1050P - Whole-body diffusion MRI and skeletal lesions in thyroid cancer: diagnostic and therapeutic implications

Date 01 October 2012
Event ESMO Congress 2012
Session Poster presentation III
Topics Thyroid Cancer
Staging procedures (clinical staging)
Basic Principles in the Management and Treatment (of cancer)
Presenter Laura Locati
Authors L. Locati1, R. Granata2, P. Potepan3, G. Aliberti4, E. Civelli5, P. Bossi2, E. Montin3, L. Licitra2
  • 1Head & Neck Unit, Fondazione IRCCS - Istituto Nazionale dei Tumori, 20133 - Milano/IT
  • 2Oncologia Medica, Fondazione IRCCS - Istituto Nazionale dei Tumori, 20133 - Milano/IT
  • 3Department If Radiodiagnostic, Fondazione IRCCS - Istituto Nazionale dei Tumori, 20133 - milano/IT
  • 4Department Of Nuclear Medicine, Fondazione IRCCS - Istituto Nazionale dei Tumori, 20133 - milano/IT
  • 5Department Of Diagnostic Imaging And Radiotherapy, Fondazione IRCCS - Istituto Nazionale dei Tumori, 20133 - milano/IT



Forty-fifty percent of the patients with metastatic TC suffer from bone metastases. 99mTc scintigraphy is employed to assess bone lesions although it lacks of accuracy, mostly in lytic lesions of differentiated thyroid cancer (DTC). CT scan has a sensitivity of 71-100% while data on the accuracy of 18F-FDG-PET/CT are scanty. MRI captures both bone and bone marrow involvement, more common in medullary thyroid cancer (MTC). Whole body MRI (WB) and whole-body diffusion (WB-DWI) are emerging as accurate tools for detection and therapy monitoring of bone metastases. We investigated the role of WB and WB-DWI in bone lesions from TC i) sensitivity and specificity; ii) evaluation of response during TKIs.

Material and methods

Radiological records of patients with metastatic TC submitted to WB-DWI at the baseline staging were reviewed. For our first purpose, patients with at least one another bone imaging were included. A false-positive was a positive bone imaging not confirmed by histopathology or/and another imaging technique or by two imaging exams. A false-negative was a negative finding on bone imaging and a positive one on another imaging method plus histopathology or by two imaging methods. For each imaging modality, sensitivity, specificity and accuracy were calculated. For the secondary aim were considered only patients scanned by WB-DWI at baseline and during TKIs treatment.

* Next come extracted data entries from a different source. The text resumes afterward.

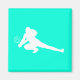 Magnet with a silhouette of a volleyball player doing a dig. Available in different colours and on other products at my store.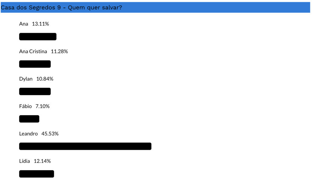 Com 45,53% dos votos, Leandro é o concorrente mais votado para salvar, seguido de Ana com 13,11% dos votos, Lídia com 12,14% dos votos e Ana Cristina com 11,28% dos votos. Dylan e Fábio são menos votado para salvar com 10,84% e 7,10% dos votos respetivamente.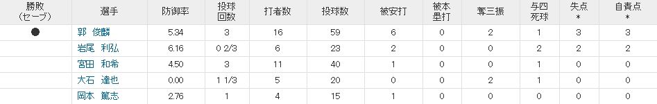 やはり中継ぎが穴ですね。岩尾が少し酷すぎたな。押し出しなんてシャレにならんし・・・

Since 2010, nine MTC (5M/4F) and five DTC (3M/2F) patients were selected. Results of the first aim are listed in the table.

WB-DWI Bone scan Bone CT
Number of exams 14 12 12
True-positive 10 8 8
True-negative 4 4 4
False-positive 0 1 (MTC) 0
False-negative 0 1 (DTC) 1 (MTC)
Sensitivity % 100 88 88
Specificity % 100 80 100
Accuracy % 100 86 92

In five (4 MTC/1 DTC) out eight (62%) true-positive bone scan, WB-DWI demonstrated a higher number of bone lesions. In three patients (2 MTC/1 DTC), WB-DWI showed a cystic evolution in the responding lesions during TKI (apart from the histotype).


In our hands WB-DWI is the best imaging method to identify bone lesions from TC. It could potentially address unmet clinical and therapeutic needs for a reliable measure of bone lesion response in this rare tumors.


All authors have declared no conflicts of interest.